Für den Kram, für den ich noch Windows noch alle paar Wochen starten musste, habe ich mir nun nen Mac Mini als Daily Driver und Always-On-Gerät hingestellt. Damit muss ich nicht mehr jeden Tag meinen stromhungrigen PC anschmeißen, kann aber sofort ohne Bootzeiten (und laute Lüfter) loslegen.

Ich habe das Gefühl, dass Windows sich immer weiter von dem wegentwickelt, was Nutzer eigentlich haben wollen (eine Kiste, auf der einfach der Standardkram läuft). Immer mehr Werbung und KI, was kaum jemand will, kommt stattdessen..

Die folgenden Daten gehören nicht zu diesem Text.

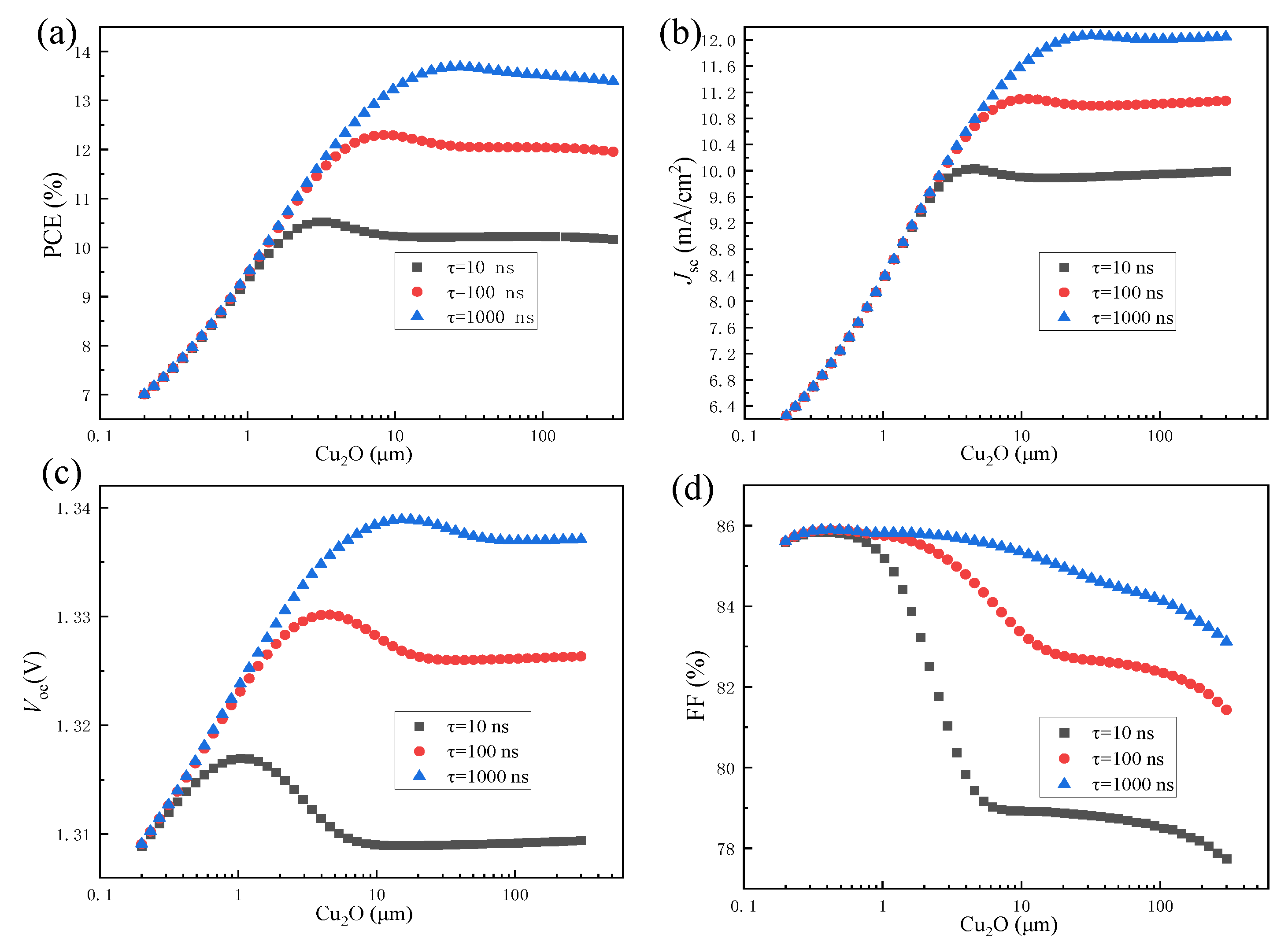 Figure 9. The influence of carrier lifetime and Cu2O layer thickness on the performance parameters of the Cu2O heterojunction solar cell: (a) PCE, (b) Jsc, (c) Voc, and (d) FF (the other parameters required for simulation were as follows: ETL: 80 nm, 1 × 1020 cm−3, Eg: 3.5 eV, χ: 3.9 eV. Cu2O: 1 × 1015 cm−3, Eg: 2 eV, χ: 3.2 eV. Buffer: 8 nm, 1 × 1019 cm−3, Eg: 2 eV, χ: 3.5 eV. HTL: 100 nm, 1 × 1020 cm−3, Eg: 2 eV, χ: 3.2 eV).
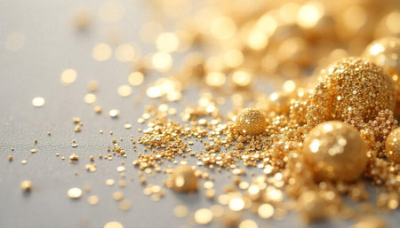 Golden spheres and sprinkles on neutral background closeup shot
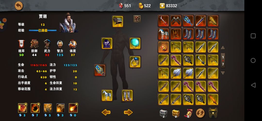 贾诩:九天惊雷仗、天罗头、清风衣、夜明珠、雷鸣指环、寒风马、祥云鞋
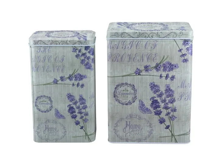 Komplet dwóch puszek z pięknym lawendowym wzorem - powiewlata w każdej kuchni. -
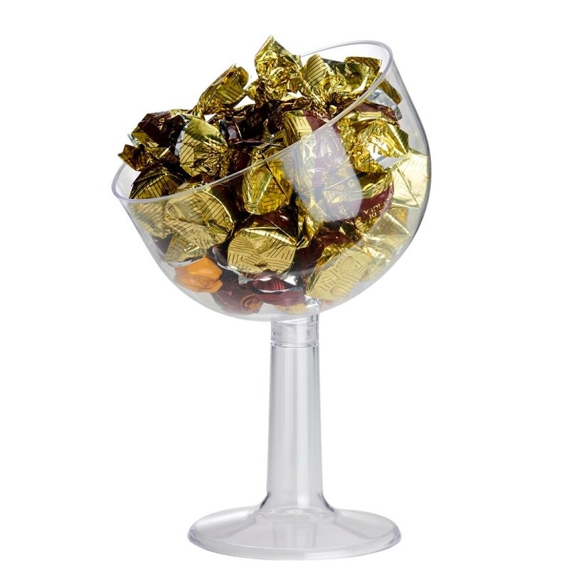 Denne elegante slikskål af plast er 26 cm høj og 16 cm bred. Den er perfekt til at servere slik eller andre små snacks i på en slikbuffet. At den står på fod giver en luksuriøs følelse, der passer ind i alle typer dekorationstemaer. Det er en praktisk og samtidig dekorativ detalje til enhver festlig lejlighed.
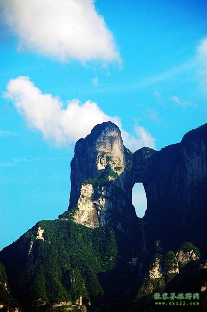 天門洞簡介 天門洞是天門山最具有代表意義的景點(diǎn),它位于天門山山體的中上部,海拔1300米,門高131.5米,寬57米,深60米,是世界上最高海拔的天然穿山溶洞。 天門洞南北對開于千尋素壁之上,扶搖而通天,氣象變化萬千,似明鏡似天門鑲嵌于蔚蔚天幕之上,終年吞白云吐紫霧,渲染著神秘莫測的氣氛而更顯出塵脫俗,正所謂奪盡天地之造化,藏盡天地之玄機(jī),而成為千古難解之謎,尋尋覓覓,終是難解。置身其間,宛如入身天宮帝閣一般,大有“我欲乘云仙飛去,直入九霄攬乾坤”之感。“天門洞開云氣通,江東峨眉皆下風(fēng)”元朝的著名詩人張兌曾這樣贊嘆,磅礴的氣勢由此可見。
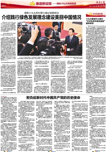 十九大新闻中心举行“打好生态环保攻坚战”集体采访

Die Masse ist (noch) zu faul für einen Umstieg. Windows lebt, weil alle es kennen und wenige sich einen Umstieg zutrauen. Gleiches gilt für die Softwarehersteller, wenn auch aus monetären Gründen, weshalb sie hauptsächlich Windows (und Mac) bedienen.

Zumindest was Gaming angeht, ist man aber schon seit einigen Jahren (Steam sei Dank), aber nicht mehr wirklich von Windows abhängig, insbesondere mit ner AMD Karte. Je mehr unliebsame Featuers MS einbaut, desto mehr werden abwandern, vllt erreicht man dann irgendwann auch eine krtische Masse, welche die Softwarehersteller zum Umdenken bewegt (z.B. Adobe), und mehr kommerzielle Software auf Linux vertrieben wird. Das würde dann weiter den Niedergang von Windows beschleunigen.

Wirklich brauchen tut man Windows an sich eigentlich nicht (mehr). Nur die Infrastruktur drumherum.